Introduction Anastomotic leakage is the most important complication in colorectal surgery occurring in up to 20% after low anterior rectal resection. Therefore, a diverting ileostomy is usually created during low anterior resection to protect the anastomosis or rather to diminish the consequences in case of anastomotic leakage. The so-called virtual or ghost ileostomy is a pre-stage ostomy that can be easily exteriorised, if anastomotic leakage is suspected, in order to avoid the severe consequences of anastomotic leakage. On the other hand, an actual ileostomy can be avoided in patients, who do not develop anastomotic leakage.

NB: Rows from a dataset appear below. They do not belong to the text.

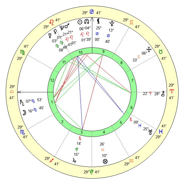 | Moon | 16 Scorpio 41 | 5 Libra 49 | 23 Cancer 1 |
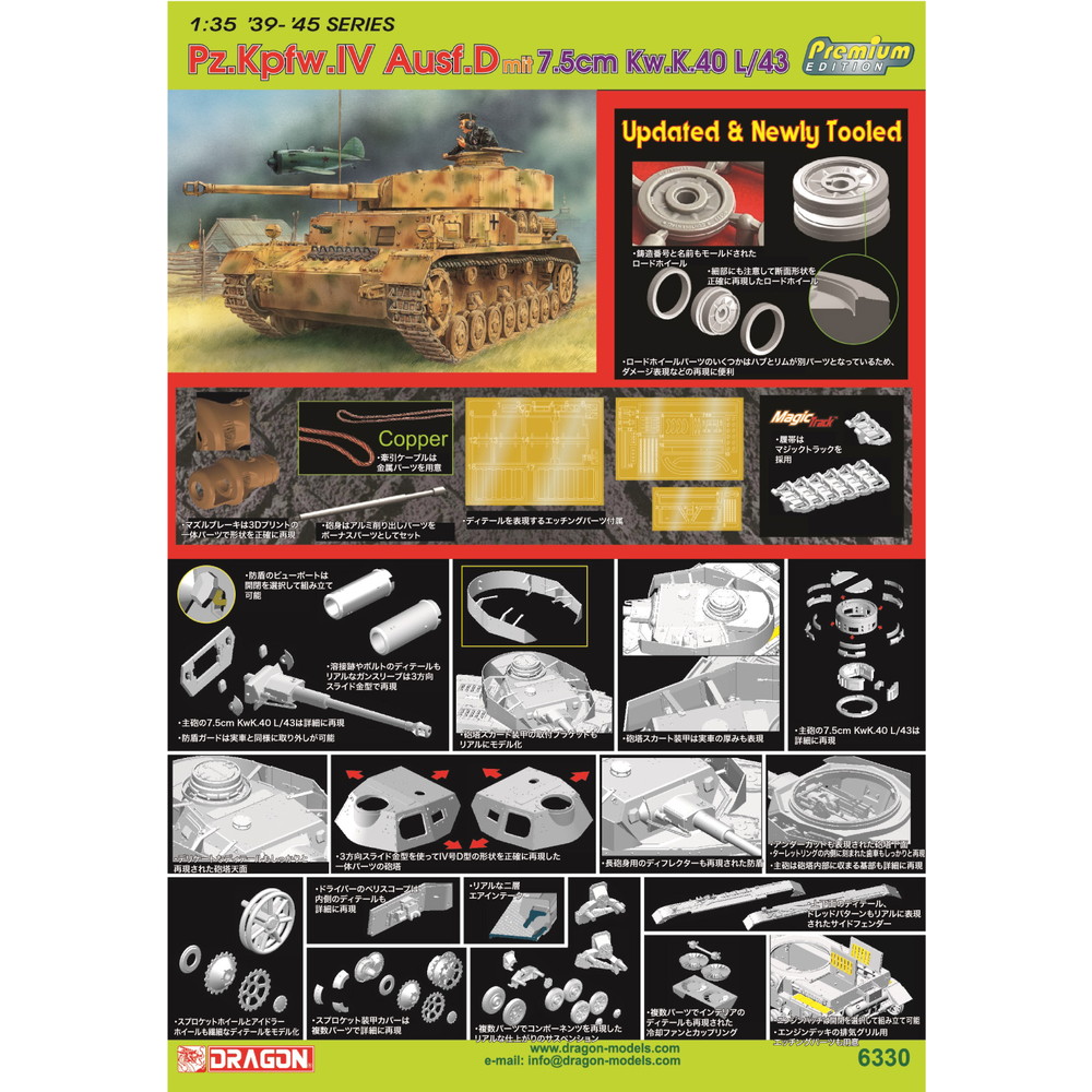 長砲身の主砲を装備した力強い姿をリアルに表現。もちろんIV号戦車D型ならではのサスペンション、エンジンデッキやキューポラなど、細部のディテールもシャープなパーツ再現でモデル化しています。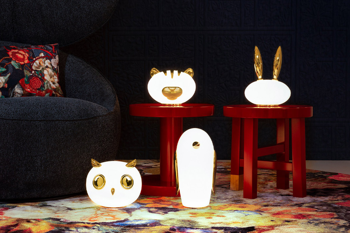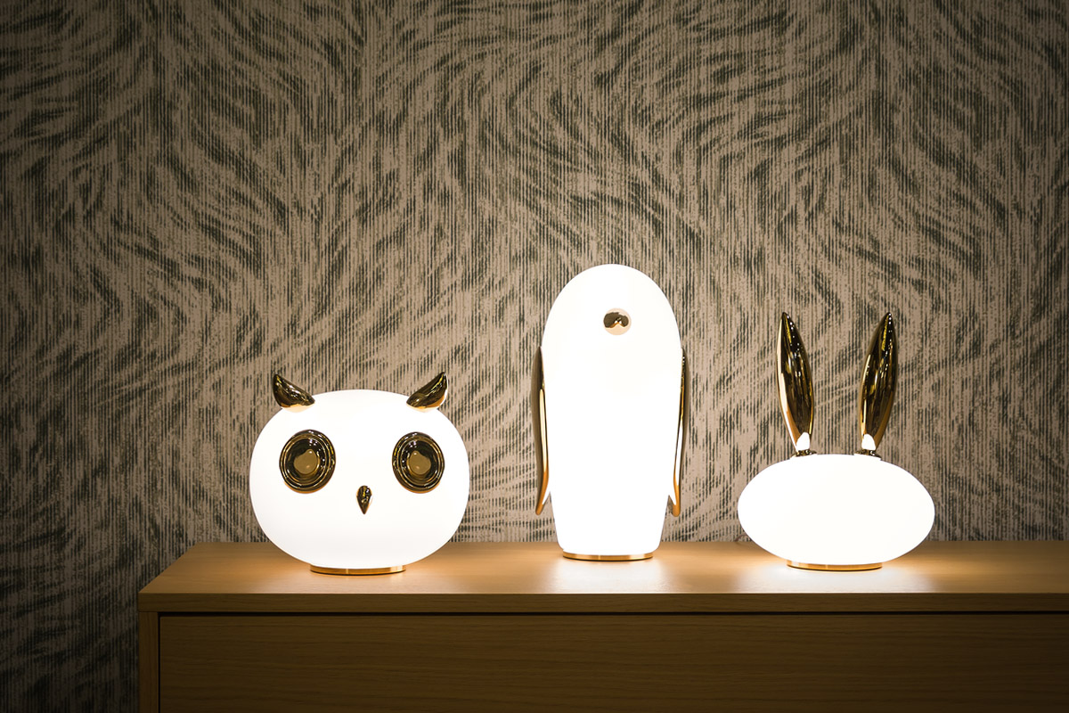 Uhuh, Purr, Noot Noot in Grwoww so serije namiznih svetilk Marcel Wanders Studio. Vsak hišni ljubljenček ima svojo osebnost in značilnosti. Te ljubke in elegantne luči najdejo svoje mesto v katerem koli prostoru. Z ohišjem iz matiranega stekla in z elementi keramičnega zlata oddajajo topel sijaj, ki ga lahko poljubno zatemnite.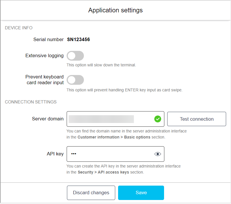 Fill in the rest of the configuration according to your needs and click Save. For more information on embedded configuration, see Embedded Terminals' configuration.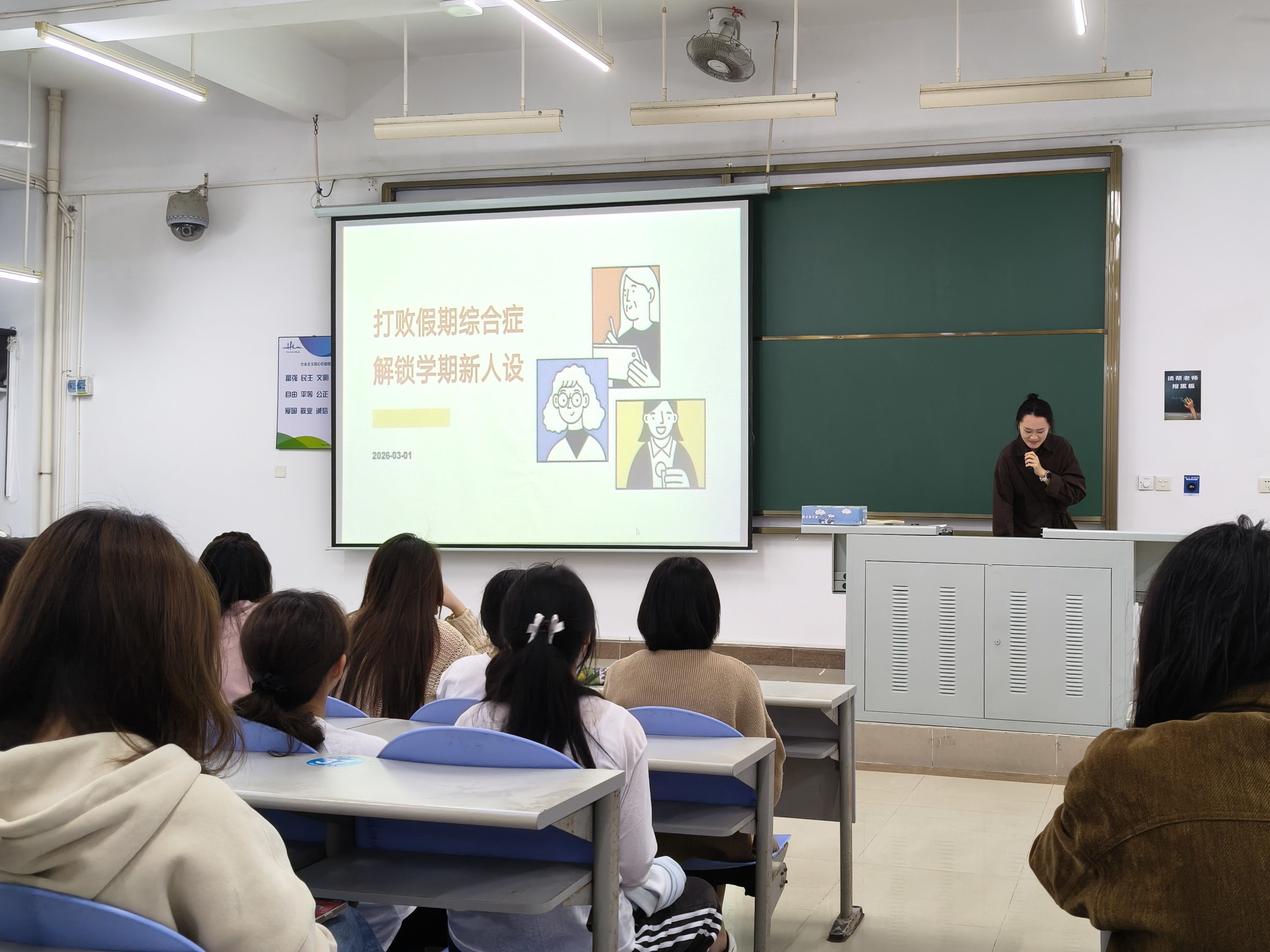 会上,各年级辅导员首先强调了学风建设的重要性,要求同学们严格遵守课堂纪律,上课需带齐教材、笔记本和笔等基本学习用品,以饱满的精神状态迎接新学期。针对校园安全,辅导员重点提醒同学们要筑牢宿舍安全意识,杜绝违规电器,确保人身财产安全。同时,会议特别提示参加缓考、补考的同学关注考试时间,认真备考。此外,会议要求全体学生干部以身作则,在学风建设、班级管理和服务同学中发挥模范带头作用,共同营造积极向上的学习和生活氛围。
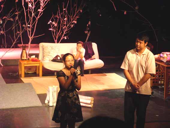 21點(diǎn)50分,話劇演出結(jié)束了。讓大家驚喜的是,該劇的原作者,知名作家方方,該劇的導(dǎo)演當(dāng)晚也親臨劇場(chǎng),與觀眾們進(jìn)行了現(xiàn)場(chǎng)交流?!按蠹液?,我是來(lái)自湖北東信醫(yī)藥有限公司的汪麗萍……”互動(dòng)過(guò)程中,女職工們對(duì)公司巧妙的廣告宣傳,讓在座的觀眾們開(kāi)懷一笑的同時(shí),更感受到力克員工對(duì)她的熱愛(ài),而臺(tái)上熱烈的掌聲更是對(duì)東信女職工——這個(gè)團(tuán)結(jié)集體的最好詮釋。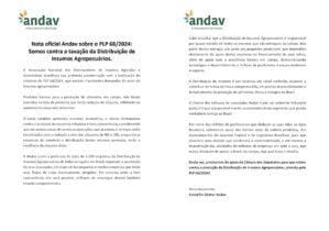 A Andav como a porta-voz de mais de 3.300 empresas da Distribuição de Insumos Agropecuários de todas as regiões do Brasil, repercute a apreensão de seus associados, em especial das pequenas e médias empresas que terão seus fluxos de caixa drasticamente atingidos. Em cenários onde a livre concorrência não será possível, milhares de empregos diretos também estarão comprometidos. Cabe ressaltar que a Distribuição de Insumos Agropecuários é responsável por quase metade de todos os insumos que são entregues ao campo. Boa parte destas entregas são junto aos pequenos produtores que dependem diretamente do apoio destas empresas no financiamento de suas safras, além do apoio com a assistência técnica em campo, democratizando tecnologias e disponibilizando a milhões de produtores manejos modernos e seguros.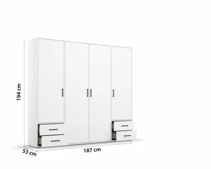 Verleihen Sie Ihrem Zuhause mit dem Drehtürenschrank 4-trg. Voyager 187×194 cm von rauch BLUE einen eleganten Touch. Der Schrank besticht mit seinem hochwertigen Design und einer durchdachten Aufteilung. Mit fünf Einlegeböden, einer Kleiderstange und vier Außenschubkästen bietet er ausreichend Platz für Ihre Kleidung und Accessoires. Erleben Sie mit dem Drehtürenschrank 4-trg. Voyager 187×194 cm eine perfekte Aufbewahrungslösung.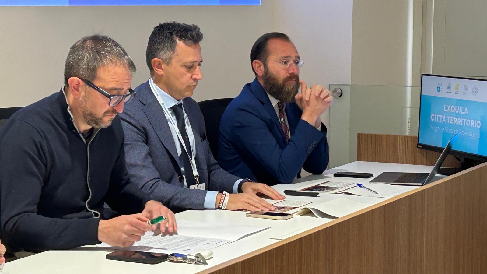 Alla presentazione del progetto, il sindaco dell’Aquila, Pierluigi Biondi, il titolare dell’Usrc, Raffaello Fico, e il manager culturale Agostino Riitano.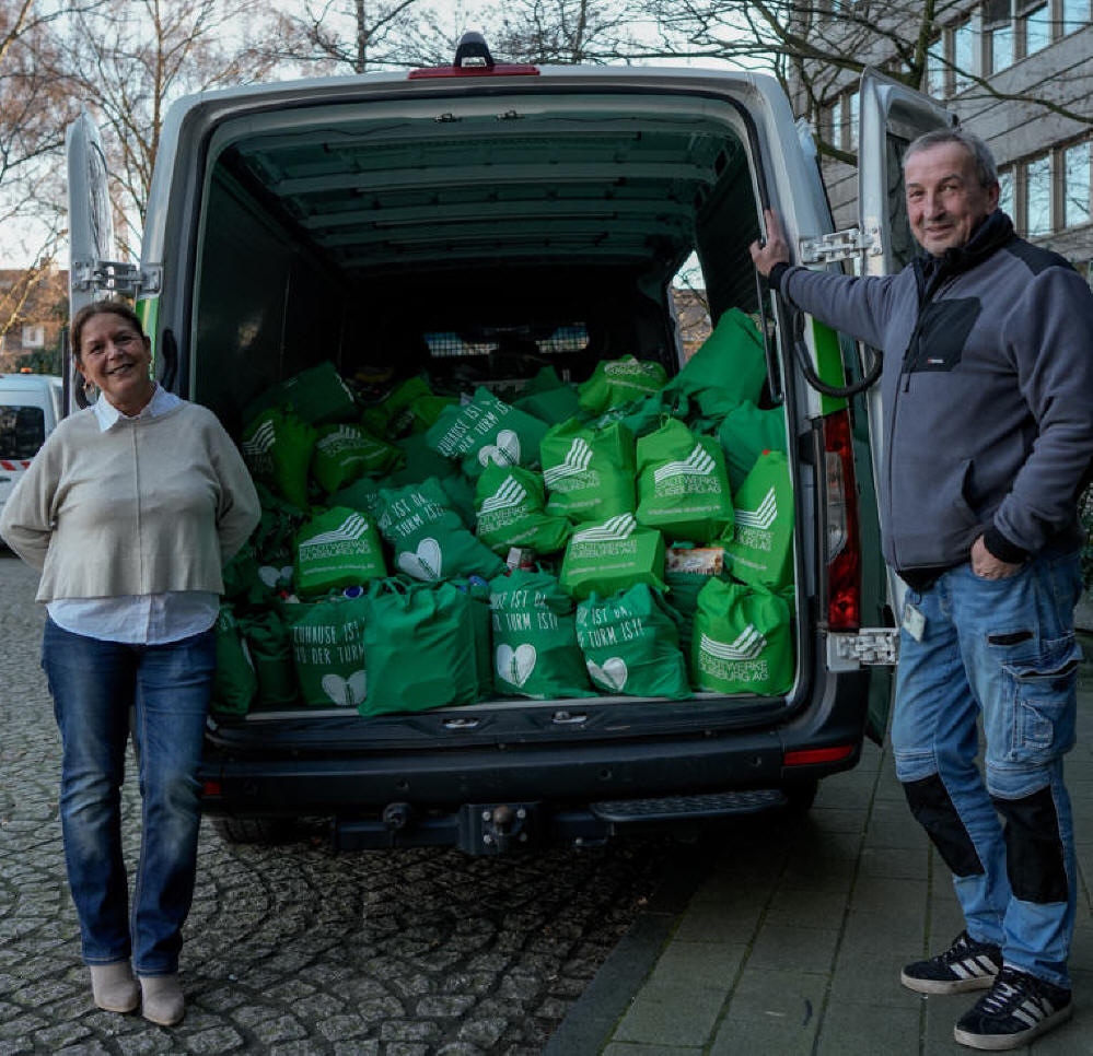 Mitarbeiter des DVV-Konzerns die Weihnachtstaschen für die Tafel
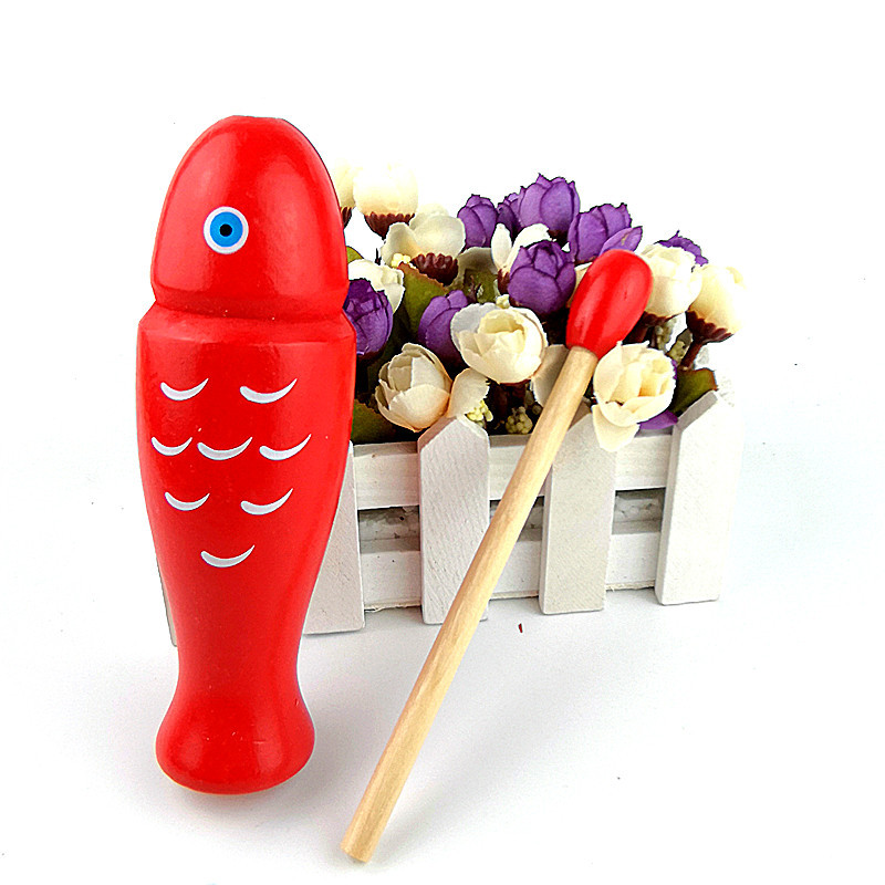 붉은 물고기 모양의 나무 물고기 어린이 타악기 오르프 악기 로그 우드 컬러 방지 링 튜브 음악 교재

Methods and analysis The GHOST trial is a randomised controlled pilot trial comparing ghost ileostomy with conventional loop ileostomy in patients undergoing low anterior resection with total mesorectal excision for rectal cancer. After screening for eligibility and obtaining informed consent, a total of 60 adult patients are included in the trial. Patients are intraoperatively randomised to the trial groups in a 1:1 ratio after assuring that none of the intraoperative exclusion criteria are present. The main outcome parameter is the comprehensive complication index as a measure of safety. Further outcomes include specific complications, stoma-related complications, complications of ileostomy closure, frequency of transformation of ghost ileostomy into conventional ileostomy, frequency of terminal ostomy creation, proportion of patients with an ostomy at 6 months after index surgery, anorectal function (Wexner score) and quality of life assessed by the European Organisation for Research and Treatment of Cancer (EORTC) QLQ-C30 and CR29 questionnaires. Follow-up for each individual patient will be 6 months.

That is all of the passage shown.